Permenkes tersebut telah dibenarkan oleh Jubir Kemenkes Siti Nadia Tarmizi saat dimintai konfirmasi, Jumat (26/2/2021).

Vaksin tersebut dinamakan Vaksinasi Gotong Royong. Adapun tujuan vaksinasi adalah meningkatkan kekebalan seseorang terhadap penyakit sehingga, apabila suatu saat terpapar, tidak akan sakit atau hanya mengalami gejala ringan dan tidak menjadi sumber penularan.

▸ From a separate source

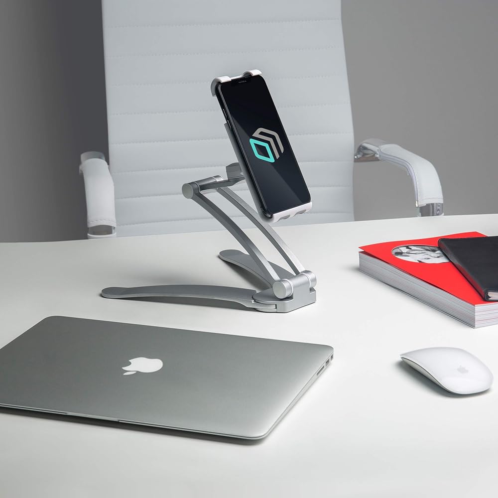 Cell phone and tablet stand is compatible with all modern devices with diagonal from 4.7” to 11” such as Apple iPhone, iPad and all Android smartphones and tablets

Permenkes No 10/2021 itu membedakan Vaksinasi Program dengan Vaksinasi Gotong Royong. Vaksinasi Program adalah pelaksanaan vaksinasi kepada masyarakat yang pendanaannya ditanggung atau dibebankan kepada pemerintah. Sementara Vaksinasi Gotong Royong pendanaannya ditanggung perusahaan atau badan hukum/badan usaha.

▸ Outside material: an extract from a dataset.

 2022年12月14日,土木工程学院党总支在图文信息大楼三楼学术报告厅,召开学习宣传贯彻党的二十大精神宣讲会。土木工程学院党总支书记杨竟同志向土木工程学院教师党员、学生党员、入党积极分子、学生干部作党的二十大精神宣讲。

"Vaksinasi Gotong Royong adalah pelaksanaan vaksinasi kepada karyawan/karyawati, keluarga, dan individu lain terkait dalam keluarga yang pendanaannya ditanggung atau dibebankan pada badan hukum/badan usaha," tulis Pasal 1 ayat 5 Permenkes Nomor 10/2021 itu.

Lebih lanjut, karyawan beserta keluarga karyawan tidak dipungut biaya untuk mendapatkan vaksin tersebut. Hal itu diatur dalam Pasal 5 ayat 3 Permenkes Nomor 10 Tahun 2021.

"Karyawan/karyawati, keluarga dan individu lain terkait dalam keluarga sebagai penerima Vaksin COVID-19 dalam pelayanan Vaksinasi Gotong Royong sebagaimana dimaksud pada ayat (3) tidak dipungut bayaran/gratis," demikian isi Permenkes.

Permenkes itu juga mengatur perusahaan atau badan hukum/badan usaha harus melaporkan jumlah karyawan/karyawati, keluarga, dan individu lain terkait dalam keluarga yang akan dilakukan Vaksinasi Gotong Royong kepada menteri.

Adapun laporan yang dimaksud paling sedikit harus memuat jumlah, nama, dan alamat (by name and by address), serta nomor induk kependudukan. Selanjutnya, rencana kebutuhan vaksinasi sebagaimana dimaksud pada ayat (1) ditetapkan dengan Keputusan Menteri serta berdasarkan perkembangan epidemiologi penyakit dan pertimbangan dari Komite Penanganan Coronavirus Disease 2019 (COVID-19) dan Pemulihan Ekonomi Nasional.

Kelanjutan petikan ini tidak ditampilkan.